Coal miners at the Donkin Mine are shown in a handout photo provided by Neil Mackinnon. Absent for almost a generation, a way of life has returned to Cape Breton. Underground coal mining, once the backbone of the island's economy, resumed at the Donkin Mine late Monday as the members of A-Crew began cutting the black fossil fuel from a tunnel that extends out four kilometres under the Atlantic Ocean.
Photo Credit: PC / Neil Mackinnon

Coal mining revived in Cape Breton

Coal miners are back at work ‘down under’ in Donkin, on Cape Breton Island in the province of Nova Scotia.

The Donkin Mine is near one of the oldest in North America, having opened in the 18th century. At one point it supplied the Fortress of Louisbourg.

But for the last 15 years mining operations at Donkin had been suspended. Yesterday the first shift began work again, with 64 people currently employed. That number is expected to increase as production gets going.

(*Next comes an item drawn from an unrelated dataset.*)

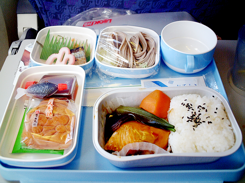 Economy Meal on Air China planeAirline food

“After two years of hard work and planning by our employees, many other supportive constituents and the Nova Scotia government, coal is being produced once again in Cape Breton,” Paul Vining, CEO of Cline Group, said in a news release. Cline Group is the parent company of Karmeron Coal Management.

“This Cape Breton coal is some of the highest quality thermal and metallurgical coal in the world and we look forward to strategically marketing this product both domestically and internationally,” according to the release.

For some of the residents of Cape Breton, the mine reopening is good news. It will provide much-needed employment in the region. For others, particularly those in the environmental movement, this is a step backwards.

Gretchen Fitzgerald, National Program Director with the Sierra Club of Canada, says she was devastated when she heard the news this morning. She had participated in a consultation on coal mine effluents last week, and had the impression there were more steps the operator had to take before resuming production.


“The operation of the mine itself, regardless of the burning and the emissions associated with that, will have significant, make a significant contribution to provincial greenhouse gas emissions.” Fitzgerald says.

There were concerns raised locally about the transportation of the coal; by truck the impact on local roads, the safety elements and the coal dust in the air are issues, and by ship, the possible impact on marine life and the fisheries would also have to be taken into consideration.

“So again, hearing that this mine had opened and not knowing which options are being, have been approved, is pretty disheartening.”

Nova Scotia has earned a reputation over recent years as one the leaders in greening their economy. With investments in the renewable energies of solar, wind and tidal power, reopening a coal mine brings the trend to a halt.

Canada produced 62 million tonnes of coal in 2015 for both metallurgical use and power generation.

There are currently 26 mines, across Canada, 18 in production and 6 with suspended operations. They’re located in the provinces of British Columbia, Alberta, Saskatchewan and Nova Scotia.

In British Columbia there are 14 additional coal mine projects currently undergoing assessment.